TIRANA, July 28 – The EU Commission has warned the Albanian Government about several issues that may arise from the adoption of the fiscal amnesty draft law, recommending that it is reconsidered before it is approved by the Parliament.
Based on a report by the EU Commission, currently not available to the public, the local media report that nine main issues were found during their assessment of the draft law on “Fiscal and Penal Amnesty for Subjects of Voluntary Declaration of Assets”.
The EU Commission finds that the repatriation of assets should occur via international bank transfers rather than implying that cash could be moved physically. If earnings are abroad, their transfer above a certain limit needs to be declared at the customs office at the border. There is a risk that the draft law would create a “window of opportunity” for fiscal evasion and laundering of foreign money.
Furthermore, the Commission warns that the draft law risks ensure undue impunity to subjects holding illicit wealth.
The report finds that no adequate consultation with stakeholders took place before the draft was submitted to parliament and as such, the government’s urgency does not seem to be justified. The draft lacks a necessary assessment of the expected assets to be formalised and expected revenues to be generated.
Furthermore, the scope of the amnesty goes beyond that of similar legislation implemented in other countries. Therefore, the government should target only tax evasion committed by persons liable to be in Albania.
The report also notes the vagueness of the draft law which could lead to further issues. According to the EC, such tax amnesty would be very difficult to implement as the definition of assets includes elements such as immovable property in Albania and outside of Albania, cash held in the national or a foreign currency, digital currency, valuable items of gold or precious stones. It is difficult to guarantee that 1) those do not proceed from criminal activities; 2) are declared by their actual (beneficial) owner and; 3) result from income which does not belong to a tax period that is either still subject to tax declaration or subject to an already notified tax audit.

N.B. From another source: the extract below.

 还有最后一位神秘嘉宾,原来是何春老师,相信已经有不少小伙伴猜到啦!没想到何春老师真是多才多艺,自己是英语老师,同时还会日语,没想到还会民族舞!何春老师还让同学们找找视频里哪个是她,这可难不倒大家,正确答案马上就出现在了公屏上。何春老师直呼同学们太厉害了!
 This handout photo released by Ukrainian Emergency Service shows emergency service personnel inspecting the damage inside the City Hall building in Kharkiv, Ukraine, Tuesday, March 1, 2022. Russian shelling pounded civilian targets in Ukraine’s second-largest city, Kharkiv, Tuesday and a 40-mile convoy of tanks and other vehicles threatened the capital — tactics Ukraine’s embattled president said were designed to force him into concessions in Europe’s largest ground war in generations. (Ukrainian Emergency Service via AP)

The report recommends the Albanian government to first build a professional fiscal administration, which would block opportunities for money laundering and corruption. That being said, there is no clarity given on the way that the Anti Money Laundering Law will be implemented or on the functioning of the Special Unit that will implement the law.

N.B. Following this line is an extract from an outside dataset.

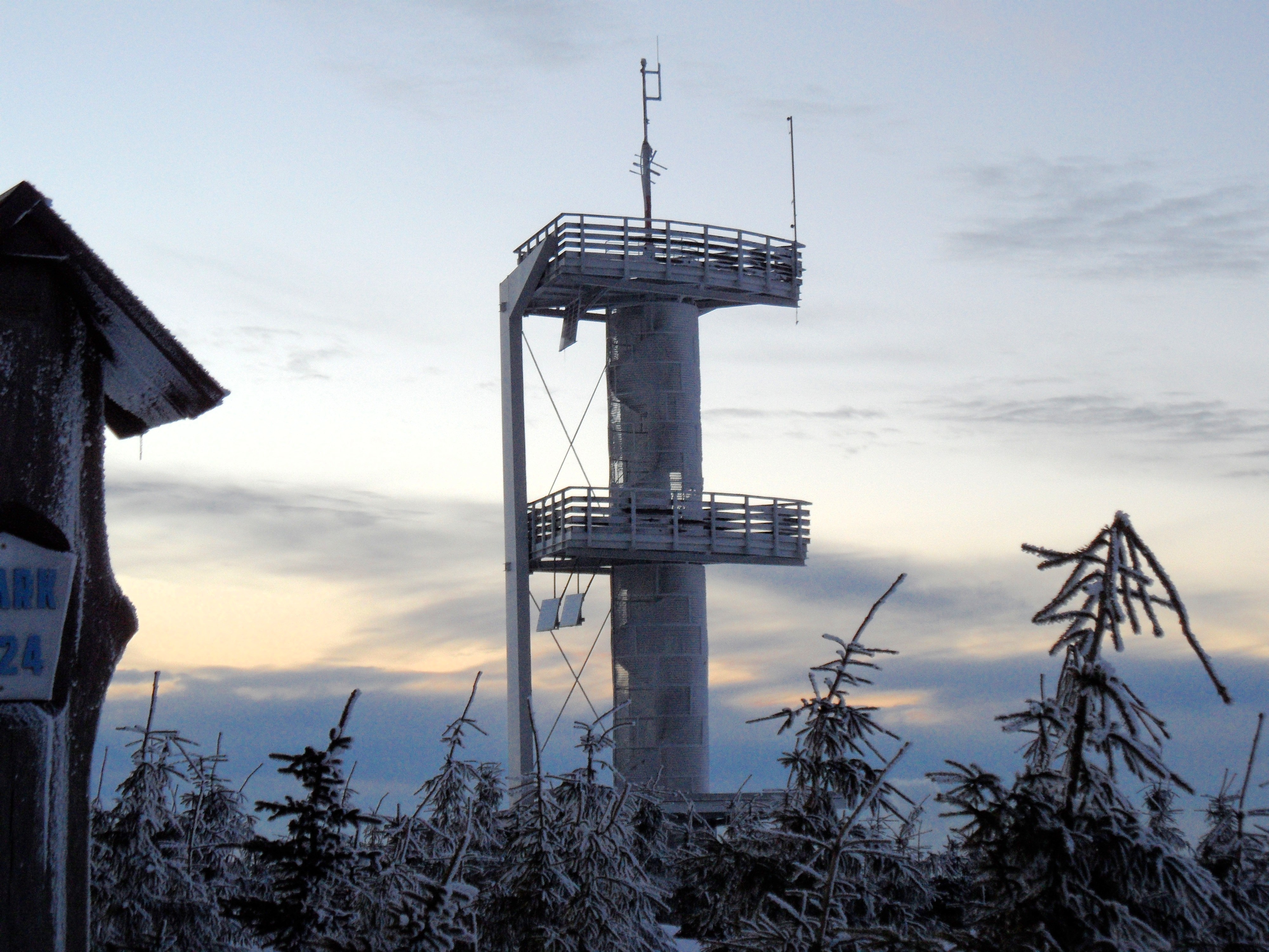 - Čeština: Rozhledna na hoře Smrk v Jizerských horách.

Finally, EC suggests that the fiscal amnesty should be combined with increased enforcement against non-compliant tax-payers, so that that it remains credible and avoidd the unfair competition from those who have maintained their assets outside the system until now.

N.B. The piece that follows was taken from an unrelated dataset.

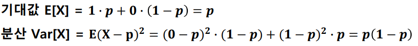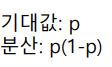 - 베르누이 분포의 평균: P, 분산: p(1-p)

The IMF has also advised against the tax amnesty proposed by Rama’s government earlier this year “as it might undermine tax compliance.” According to the IMF, the government needs to establish effective systems to detect tax evasion and to prevent opportunities for money laundering and corruption.
The Albanian Parliament is expected to vote on the fiscal amnesty draft law in the upcoming weeks.
The amnesty will last up to 1 year, divided into three time periods of four months.
During the first four months, the obligation to deposit money is foreseen to be 5 percent of the total, during the second period it may be 7 percent and during the third, it may be 10 percent. However the numbers will be discussed further with stakeholders and parliamentary committees.
With this initiative, Albanian passport holders can legalize undeclared property received or owned and related tax liabilities associated with formation/acquisition and usage of such property.